The process of scientific inquiry encompasses much more than the collection and interpretation of data. A key part of the process is design – specifically of experiments that address a hypothesis and of new materials or technologies. Moreover, any design is subject to continued revision. You might redesign an experiment or tool based on your own research, or you might consult the vast body of scientific literature for other perspectives. As the old graduate student saying (sarcastically) goes, “A month in the lab might save you a day in the library!” In other words, although the process of combining the literature can be arduous or even tedious at times, it beats wasting a month of your time repeating experiments previously demonstrated not to work or reinventing the wheel.

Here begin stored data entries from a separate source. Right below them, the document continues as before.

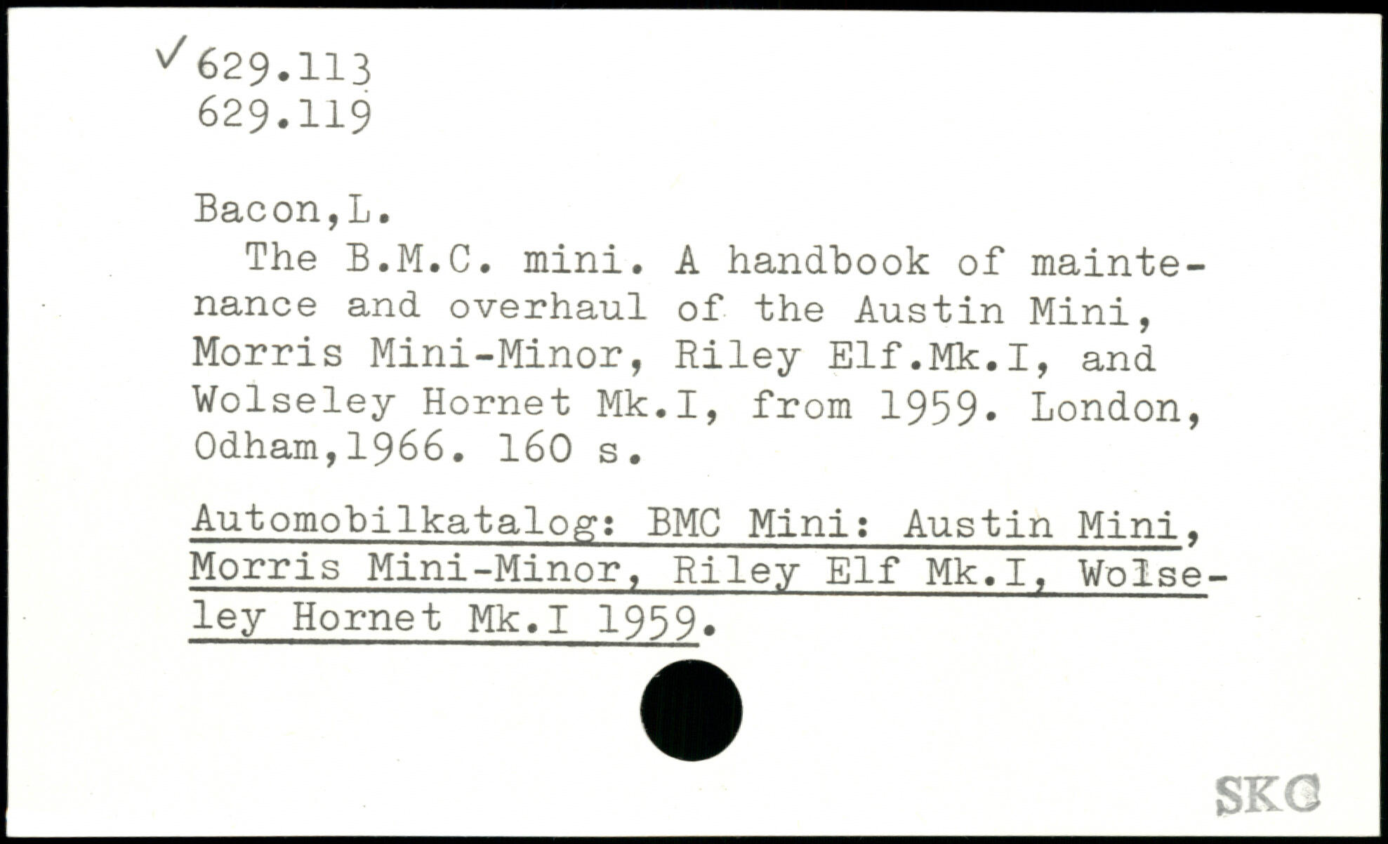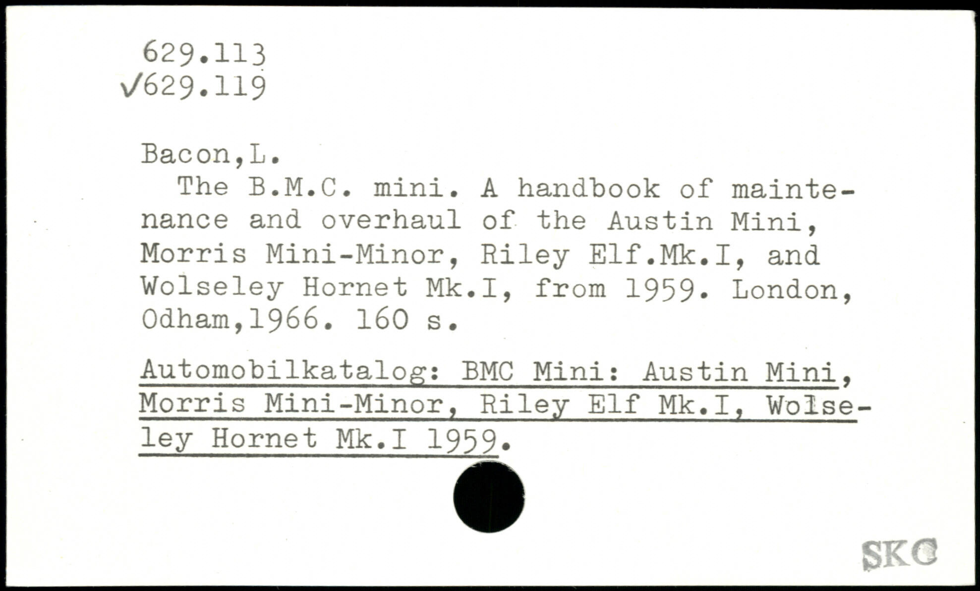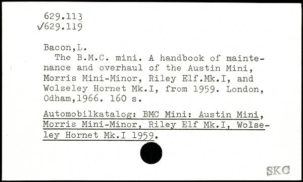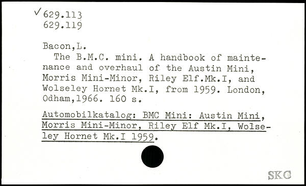 The B.M.C. mini. A handbook of maintenance and overhaul of the Austin Mini, Morris Mini-Minor, Riley Elf.Mk.I, and Wolseley Hornet Mk.I, from 1959.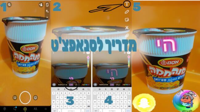 1. היכנסו לאפלקציית סנפצאט וצלמו את התמונה שאותה תרצו לערוך ( אני צילמתי מנה חמה בטעם סצואן- הטעם האהוב עלי). 2. לחצו למלעה על הכפתור בצורת T 3. רשמו את התוכן שאותו תרצו להציג על התמונה (שימו לב שאתם על פילטר בשם "GLOW" ולבסוף לחצו על "סיום" , לאחר מכן מקמו את התמונה במקום שתרצו 4. היכנסו שוב לכפתור T ורשמו עוד הפעם את הטקסט שרציתם- תנסו לשנות קצת את הצבע אבל לא יותר מידי ולחצו שוב "סיום" . לאחר מכן מקמו את הטקסט שרשמתם *לייד* הטקסט הראשון ( שימו לב שזה לא יהיה אחד על השני). 5. התמונה שלכם מוכנה! ___________________________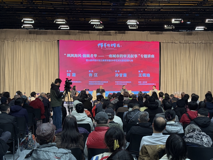 “站在北外滩,望着浦江两岸雄伟的天际线,楼房、行船在天光云影中若隐若现,我很感动。我希望能将它们画成一幅巨大的画,献给上海的观众。”中国油画学会会长许江饱含情感地说。12月21日冬至,上海美术馆(中华艺术宫)迎来了一场别开生面的对谈。许江、作家孙甘露、京剧演员王珮瑜三位不同领域的“大家”齐聚一堂,以“飒飒海风·巍巍者华——一座城市的审美叙事”为主题,共探美术、戏曲与文学如何在这座城市里交织,并共同塑造上海文化脉搏。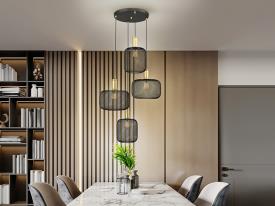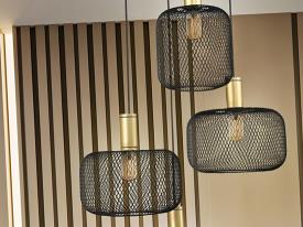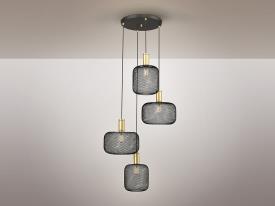 Lampe ronde 4 lumières en métal, comprenant 2 modèles de tulipes en maille métallique. Finition en peinture or et noir mat. Câble à gaine textile noire.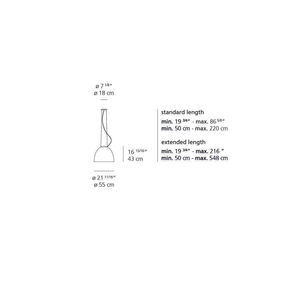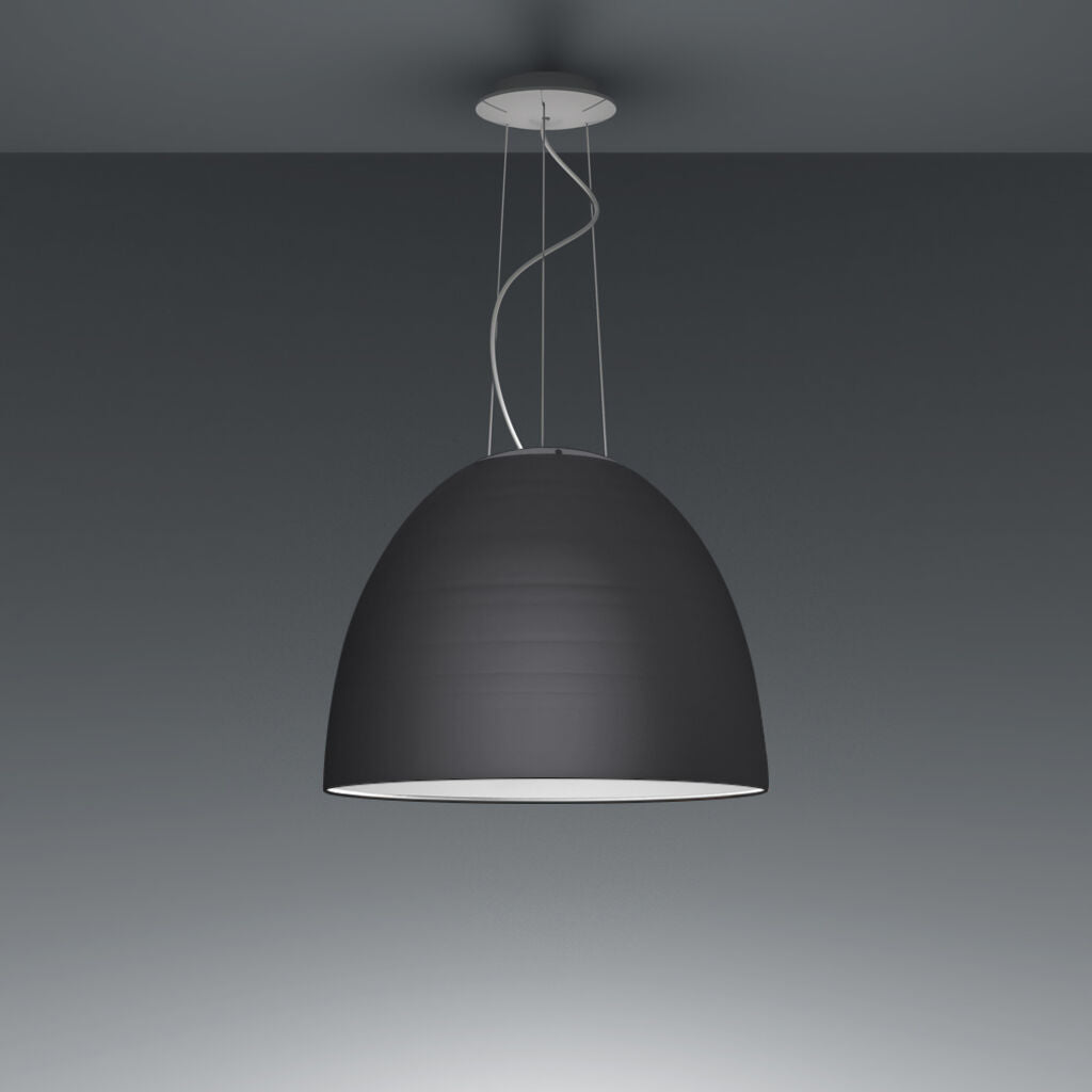 A system for the metamorphosis of light, Nur Suspension has a sleek, contemporary dome shape that provides direct downlighting, with a sanded glass top that also allows a softer, more subtle diffused light to escape. Nur creates indirect light accompanied by a subtle “halo” effect on the ceiling.

During this module, you will generate and test a new version of inverse pericam (IPC). Today, you will refer to a few primary research articles to familiarize yourself with this recombinant protein and its constituent parts. The fluorescent component of IPC is an enhanced yellow fluorescent protein (abbreviated EYFP), one of the many derivatives of green fluorescent protein (GFP). GFP is naturally produced by jellyfish and was cloned into other organisms in the early 1990’s. It has since been exploited as a genetically encodable reporter and mutagenized to vary its excitation and emission spectra. The other key component of inverse pericam is the protein calmodulin (CaM), a natural calcium sensor that is present in all eukaryotes (briefly reviewed here). Calmodulin has many ligands that it binds only in the presence of calcium ion, including the peptide fragment M13. This conditional specificity for M13 binding is enabled by the change in CaM’s conformation when it binds calcium.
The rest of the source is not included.